[INPUT DATA Boundary: Start]

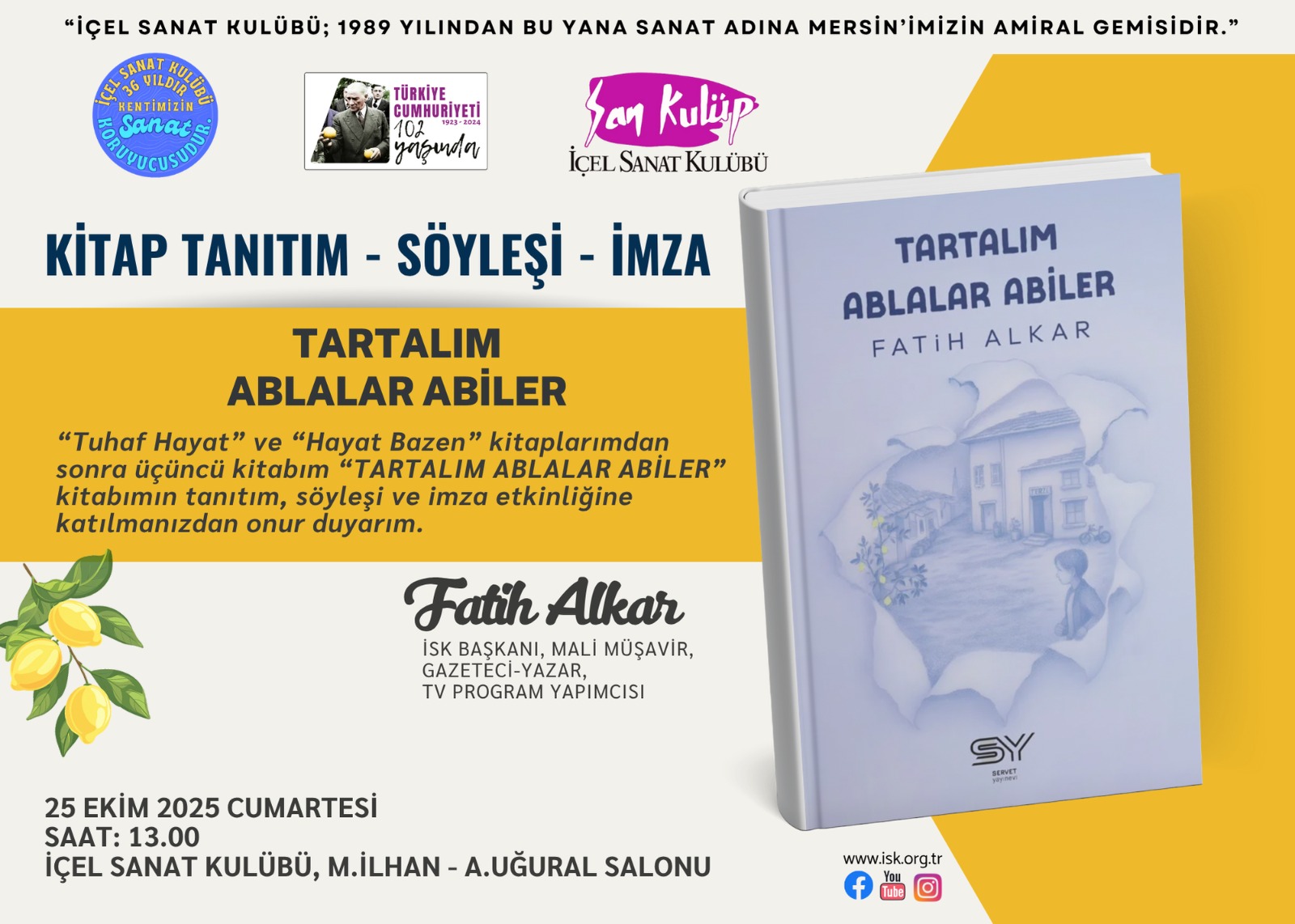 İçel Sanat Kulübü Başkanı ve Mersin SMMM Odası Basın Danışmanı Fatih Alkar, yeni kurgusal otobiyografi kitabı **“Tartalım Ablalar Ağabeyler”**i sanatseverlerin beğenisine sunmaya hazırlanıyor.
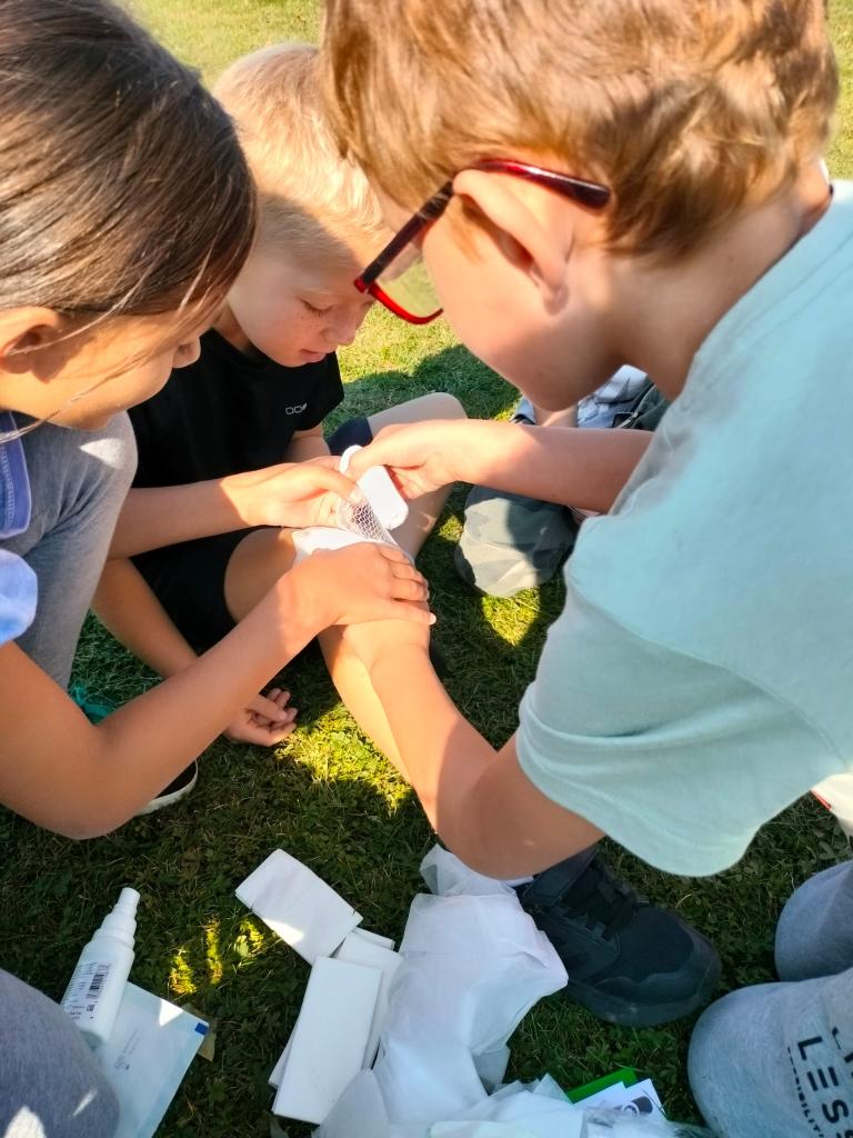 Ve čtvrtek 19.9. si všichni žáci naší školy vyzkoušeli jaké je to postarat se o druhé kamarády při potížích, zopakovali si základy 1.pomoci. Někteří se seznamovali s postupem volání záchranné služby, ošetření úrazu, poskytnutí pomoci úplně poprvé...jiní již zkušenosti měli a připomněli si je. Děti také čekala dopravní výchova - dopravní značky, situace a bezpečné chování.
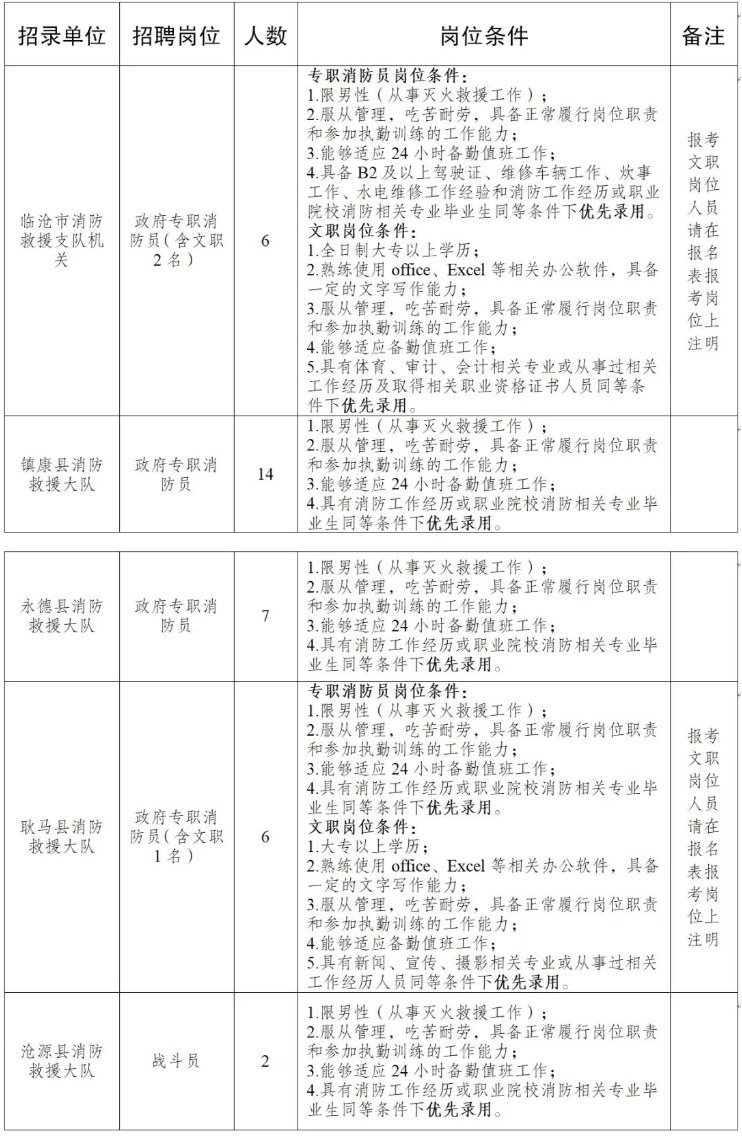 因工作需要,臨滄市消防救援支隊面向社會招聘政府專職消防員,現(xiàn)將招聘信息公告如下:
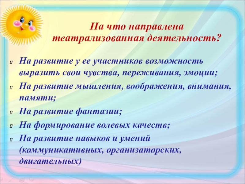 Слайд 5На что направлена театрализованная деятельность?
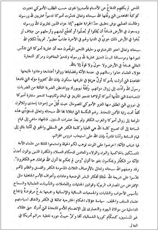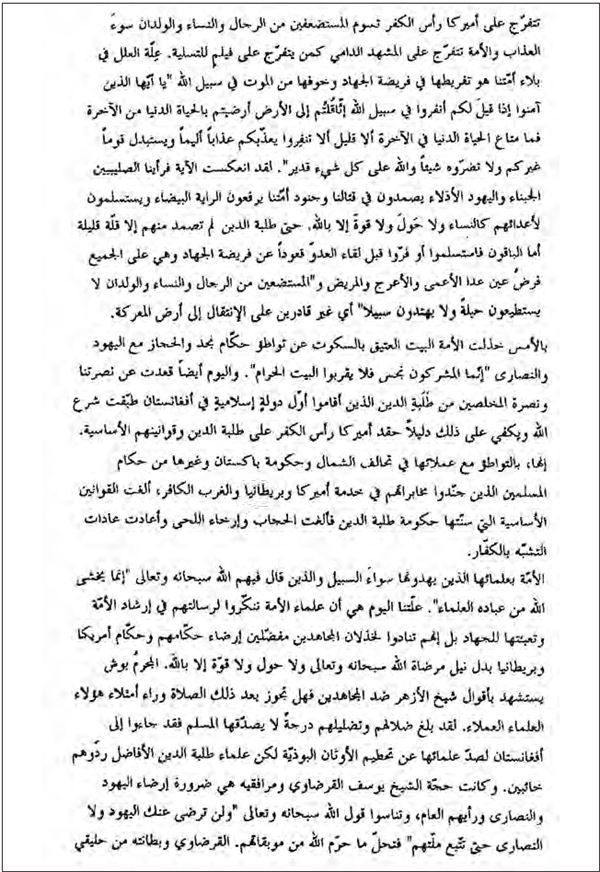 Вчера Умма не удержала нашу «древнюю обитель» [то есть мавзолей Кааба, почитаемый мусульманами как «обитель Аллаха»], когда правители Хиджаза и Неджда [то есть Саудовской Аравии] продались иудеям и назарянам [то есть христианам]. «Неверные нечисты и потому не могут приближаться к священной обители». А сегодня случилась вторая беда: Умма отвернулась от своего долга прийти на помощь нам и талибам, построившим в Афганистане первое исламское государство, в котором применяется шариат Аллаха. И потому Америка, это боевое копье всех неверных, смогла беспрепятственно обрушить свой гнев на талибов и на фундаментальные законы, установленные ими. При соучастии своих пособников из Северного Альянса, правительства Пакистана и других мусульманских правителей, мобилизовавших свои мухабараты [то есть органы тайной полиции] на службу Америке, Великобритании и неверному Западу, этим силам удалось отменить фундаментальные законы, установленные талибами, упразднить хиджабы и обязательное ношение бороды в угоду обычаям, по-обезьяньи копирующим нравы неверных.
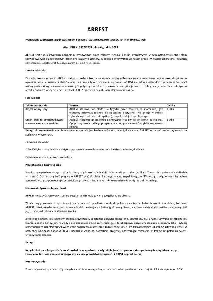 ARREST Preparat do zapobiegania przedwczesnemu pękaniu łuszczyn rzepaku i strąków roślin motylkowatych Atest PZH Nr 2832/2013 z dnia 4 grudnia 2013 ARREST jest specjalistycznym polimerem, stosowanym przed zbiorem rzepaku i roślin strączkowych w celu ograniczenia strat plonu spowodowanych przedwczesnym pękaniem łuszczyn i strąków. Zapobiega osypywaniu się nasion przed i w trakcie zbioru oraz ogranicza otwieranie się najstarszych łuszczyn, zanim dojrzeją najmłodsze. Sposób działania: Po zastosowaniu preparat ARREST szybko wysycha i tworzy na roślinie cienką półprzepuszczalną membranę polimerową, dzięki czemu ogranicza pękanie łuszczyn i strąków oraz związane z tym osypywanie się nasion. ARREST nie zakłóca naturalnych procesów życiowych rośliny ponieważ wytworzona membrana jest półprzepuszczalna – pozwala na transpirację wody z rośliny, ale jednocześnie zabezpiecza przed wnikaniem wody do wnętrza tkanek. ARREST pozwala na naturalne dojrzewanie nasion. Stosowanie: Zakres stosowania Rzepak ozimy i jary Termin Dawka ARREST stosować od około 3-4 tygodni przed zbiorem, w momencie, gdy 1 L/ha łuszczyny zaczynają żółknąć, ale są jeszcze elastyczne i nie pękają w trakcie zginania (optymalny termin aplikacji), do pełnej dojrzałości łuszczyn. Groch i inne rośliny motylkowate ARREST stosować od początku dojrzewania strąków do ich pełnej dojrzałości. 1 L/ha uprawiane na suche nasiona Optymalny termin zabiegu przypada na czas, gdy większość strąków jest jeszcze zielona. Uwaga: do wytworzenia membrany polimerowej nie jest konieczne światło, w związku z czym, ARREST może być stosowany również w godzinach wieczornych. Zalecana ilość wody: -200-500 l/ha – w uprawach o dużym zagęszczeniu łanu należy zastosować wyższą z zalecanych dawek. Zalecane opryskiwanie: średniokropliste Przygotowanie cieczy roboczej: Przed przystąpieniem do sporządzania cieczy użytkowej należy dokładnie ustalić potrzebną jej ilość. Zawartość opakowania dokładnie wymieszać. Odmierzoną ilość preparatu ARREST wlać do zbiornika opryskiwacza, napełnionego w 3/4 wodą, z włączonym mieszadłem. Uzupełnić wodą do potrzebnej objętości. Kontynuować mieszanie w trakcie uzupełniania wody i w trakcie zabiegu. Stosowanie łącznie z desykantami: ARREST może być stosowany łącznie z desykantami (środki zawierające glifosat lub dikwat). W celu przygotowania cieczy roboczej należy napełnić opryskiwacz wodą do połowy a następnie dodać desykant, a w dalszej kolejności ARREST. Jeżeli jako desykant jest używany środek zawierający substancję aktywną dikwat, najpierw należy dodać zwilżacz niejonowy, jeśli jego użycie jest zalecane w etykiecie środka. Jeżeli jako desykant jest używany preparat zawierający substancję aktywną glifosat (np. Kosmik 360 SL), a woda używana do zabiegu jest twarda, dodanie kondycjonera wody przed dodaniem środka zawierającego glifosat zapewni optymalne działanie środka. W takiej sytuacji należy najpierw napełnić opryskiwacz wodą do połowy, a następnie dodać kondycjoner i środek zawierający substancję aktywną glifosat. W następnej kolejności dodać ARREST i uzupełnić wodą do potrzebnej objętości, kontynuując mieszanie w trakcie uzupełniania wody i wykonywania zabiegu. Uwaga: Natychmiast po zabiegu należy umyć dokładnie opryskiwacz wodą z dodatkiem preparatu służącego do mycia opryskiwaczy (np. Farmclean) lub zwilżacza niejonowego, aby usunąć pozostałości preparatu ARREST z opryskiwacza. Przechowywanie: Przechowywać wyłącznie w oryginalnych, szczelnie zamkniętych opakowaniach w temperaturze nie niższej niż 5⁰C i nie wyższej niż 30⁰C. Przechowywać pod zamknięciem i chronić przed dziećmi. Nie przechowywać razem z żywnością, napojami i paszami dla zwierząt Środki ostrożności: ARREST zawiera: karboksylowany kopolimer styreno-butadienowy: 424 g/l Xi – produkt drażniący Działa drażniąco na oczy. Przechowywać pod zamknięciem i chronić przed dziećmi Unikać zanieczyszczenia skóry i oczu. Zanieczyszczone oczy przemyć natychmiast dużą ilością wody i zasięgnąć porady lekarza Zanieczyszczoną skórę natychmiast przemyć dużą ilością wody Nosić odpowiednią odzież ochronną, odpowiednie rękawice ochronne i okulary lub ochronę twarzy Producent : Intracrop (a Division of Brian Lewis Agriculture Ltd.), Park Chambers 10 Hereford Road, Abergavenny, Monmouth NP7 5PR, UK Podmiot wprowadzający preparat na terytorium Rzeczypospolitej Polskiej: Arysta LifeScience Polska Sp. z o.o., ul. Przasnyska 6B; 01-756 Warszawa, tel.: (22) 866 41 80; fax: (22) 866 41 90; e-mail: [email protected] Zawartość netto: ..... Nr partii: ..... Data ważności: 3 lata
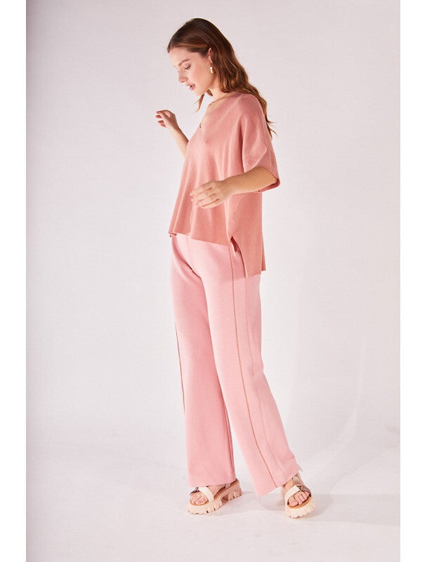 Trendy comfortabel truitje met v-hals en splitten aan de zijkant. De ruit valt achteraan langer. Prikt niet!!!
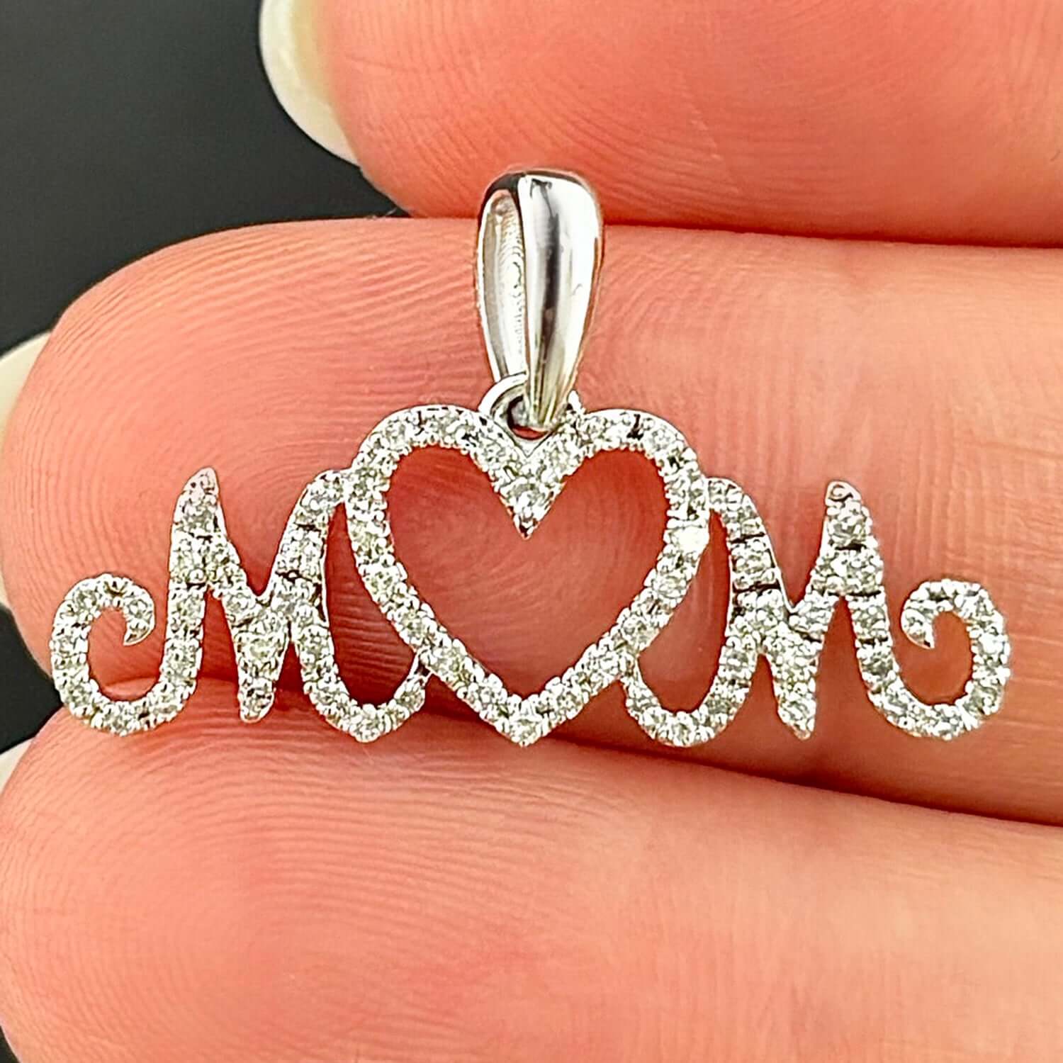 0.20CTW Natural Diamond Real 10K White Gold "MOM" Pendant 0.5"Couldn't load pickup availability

[INPUT DATA Boundary: End]

EXERCISE PROMPT: Give the data back exactly, omitting all pictures.

EXERCISE RESULT:
 İçel Sanat Kulübü Başkanı ve Mersin SMMM Odası Basın Danışmanı Fatih Alkar, yeni kurgusal otobiyografi kitabı **“Tartalım Ablalar Ağabeyler”**i sanatseverlerin beğenisine sunmaya hazırlanıyor.
 Ve čtvrtek 19.9. si všichni žáci naší školy vyzkoušeli jaké je to postarat se o druhé kamarády při potížích, zopakovali si základy 1.pomoci. Někteří se seznamovali s postupem volání záchranné služby, ošetření úrazu, poskytnutí pomoci úplně poprvé...jiní již zkušenosti měli a připomněli si je. Děti také čekala dopravní výchova - dopravní značky, situace a bezpečné chování.
 因工作需要,臨滄市消防救援支隊面向社會招聘政府專職消防員,現(xiàn)將招聘信息公告如下:
 Слайд 5На что направлена театрализованная деятельность?
 Вчера Умма не удержала нашу «древнюю обитель» [то есть мавзолей Кааба, почитаемый мусульманами как «обитель Аллаха»], когда правители Хиджаза и Неджда [то есть Саудовской Аравии] продались иудеям и назарянам [то есть христианам]. «Неверные нечисты и потому не могут приближаться к священной обители». А сегодня случилась вторая беда: Умма отвернулась от своего долга прийти на помощь нам и талибам, построившим в Афганистане первое исламское государство, в котором применяется шариат Аллаха. И потому Америка, это боевое копье всех неверных, смогла беспрепятственно обрушить свой гнев на талибов и на фундаментальные законы, установленные ими. При соучастии своих пособников из Северного Альянса, правительства Пакистана и других мусульманских правителей, мобилизовавших свои мухабараты [то есть органы тайной полиции] на службу Америке, Великобритании и неверному Западу, этим силам удалось отменить фундаментальные законы, установленные талибами, упразднить хиджабы и обязательное ношение бороды в угоду обычаям, по-обезьяньи копирующим нравы неверных.
 ARREST Preparat do zapobiegania przedwczesnemu pękaniu łuszczyn rzepaku i strąków roślin motylkowatych Atest PZH Nr 2832/2013 z dnia 4 grudnia 2013 ARREST jest specjalistycznym polimerem, stosowanym przed zbiorem rzepaku i roślin strączkowych w celu ograniczenia strat plonu spowodowanych przedwczesnym pękaniem łuszczyn i strąków. Zapobiega osypywaniu się nasion przed i w trakcie zbioru oraz ogranicza otwieranie się najstarszych łuszczyn, zanim dojrzeją najmłodsze. Sposób działania: Po zastosowaniu preparat ARREST szybko wysycha i tworzy na roślinie cienką półprzepuszczalną membranę polimerową, dzięki czemu ogranicza pękanie łuszczyn i strąków oraz związane z tym osypywanie się nasion. ARREST nie zakłóca naturalnych procesów życiowych rośliny ponieważ wytworzona membrana jest półprzepuszczalna – pozwala na transpirację wody z rośliny, ale jednocześnie zabezpiecza przed wnikaniem wody do wnętrza tkanek. ARREST pozwala na naturalne dojrzewanie nasion. Stosowanie: Zakres stosowania Rzepak ozimy i jary Termin Dawka ARREST stosować od około 3-4 tygodni przed zbiorem, w momencie, gdy 1 L/ha łuszczyny zaczynają żółknąć, ale są jeszcze elastyczne i nie pękają w trakcie zginania (optymalny termin aplikacji), do pełnej dojrzałości łuszczyn. Groch i inne rośliny motylkowate ARREST stosować od początku dojrzewania strąków do ich pełnej dojrzałości. 1 L/ha uprawiane na suche nasiona Optymalny termin zabiegu przypada na czas, gdy większość strąków jest jeszcze zielona. Uwaga: do wytworzenia membrany polimerowej nie jest konieczne światło, w związku z czym, ARREST może być stosowany również w godzinach wieczornych. Zalecana ilość wody: -200-500 l/ha – w uprawach o dużym zagęszczeniu łanu należy zastosować wyższą z zalecanych dawek. Zalecane opryskiwanie: średniokropliste Przygotowanie cieczy roboczej: Przed przystąpieniem do sporządzania cieczy użytkowej należy dokładnie ustalić potrzebną jej ilość. Zawartość opakowania dokładnie wymieszać. Odmierzoną ilość preparatu ARREST wlać do zbiornika opryskiwacza, napełnionego w 3/4 wodą, z włączonym mieszadłem. Uzupełnić wodą do potrzebnej objętości. Kontynuować mieszanie w trakcie uzupełniania wody i w trakcie zabiegu. Stosowanie łącznie z desykantami: ARREST może być stosowany łącznie z desykantami (środki zawierające glifosat lub dikwat). W celu przygotowania cieczy roboczej należy napełnić opryskiwacz wodą do połowy a następnie dodać desykant, a w dalszej kolejności ARREST. Jeżeli jako desykant jest używany środek zawierający substancję aktywną dikwat, najpierw należy dodać zwilżacz niejonowy, jeśli jego użycie jest zalecane w etykiecie środka. Jeżeli jako desykant jest używany preparat zawierający substancję aktywną glifosat (np. Kosmik 360 SL), a woda używana do zabiegu jest twarda, dodanie kondycjonera wody przed dodaniem środka zawierającego glifosat zapewni optymalne działanie środka. W takiej sytuacji należy najpierw napełnić opryskiwacz wodą do połowy, a następnie dodać kondycjoner i środek zawierający substancję aktywną glifosat. W następnej kolejności dodać ARREST i uzupełnić wodą do potrzebnej objętości, kontynuując mieszanie w trakcie uzupełniania wody i wykonywania zabiegu. Uwaga: Natychmiast po zabiegu należy umyć dokładnie opryskiwacz wodą z dodatkiem preparatu służącego do mycia opryskiwaczy (np. Farmclean) lub zwilżacza niejonowego, aby usunąć pozostałości preparatu ARREST z opryskiwacza. Przechowywanie: Przechowywać wyłącznie w oryginalnych, szczelnie zamkniętych opakowaniach w temperaturze nie niższej niż 5⁰C i nie wyższej niż 30⁰C. Przechowywać pod zamknięciem i chronić przed dziećmi. Nie przechowywać razem z żywnością, napojami i paszami dla zwierząt Środki ostrożności: ARREST zawiera: karboksylowany kopolimer styreno-butadienowy: 424 g/l Xi – produkt drażniący Działa drażniąco na oczy. Przechowywać pod zamknięciem i chronić przed dziećmi Unikać zanieczyszczenia skóry i oczu. Zanieczyszczone oczy przemyć natychmiast dużą ilością wody i zasięgnąć porady lekarza Zanieczyszczoną skórę natychmiast przemyć dużą ilością wody Nosić odpowiednią odzież ochronną, odpowiednie rękawice ochronne i okulary lub ochronę twarzy Producent : Intracrop (a Division of Brian Lewis Agriculture Ltd.), Park Chambers 10 Hereford Road, Abergavenny, Monmouth NP7 5PR, UK Podmiot wprowadzający preparat na terytorium Rzeczypospolitej Polskiej: Arysta LifeScience Polska Sp. z o.o., ul. Przasnyska 6B; 01-756 Warszawa, tel.: (22) 866 41 80; fax: (22) 866 41 90; e-mail: [email protected] Zawartość netto: ..... Nr partii: ..... Data ważności: 3 lata
 Trendy comfortabel truitje met v-hals en splitten aan de zijkant. De ruit valt achteraan langer. Prikt niet!!!
 0.20CTW Natural Diamond Real 10K White Gold "MOM" Pendant 0.5"Couldn't load pickup availability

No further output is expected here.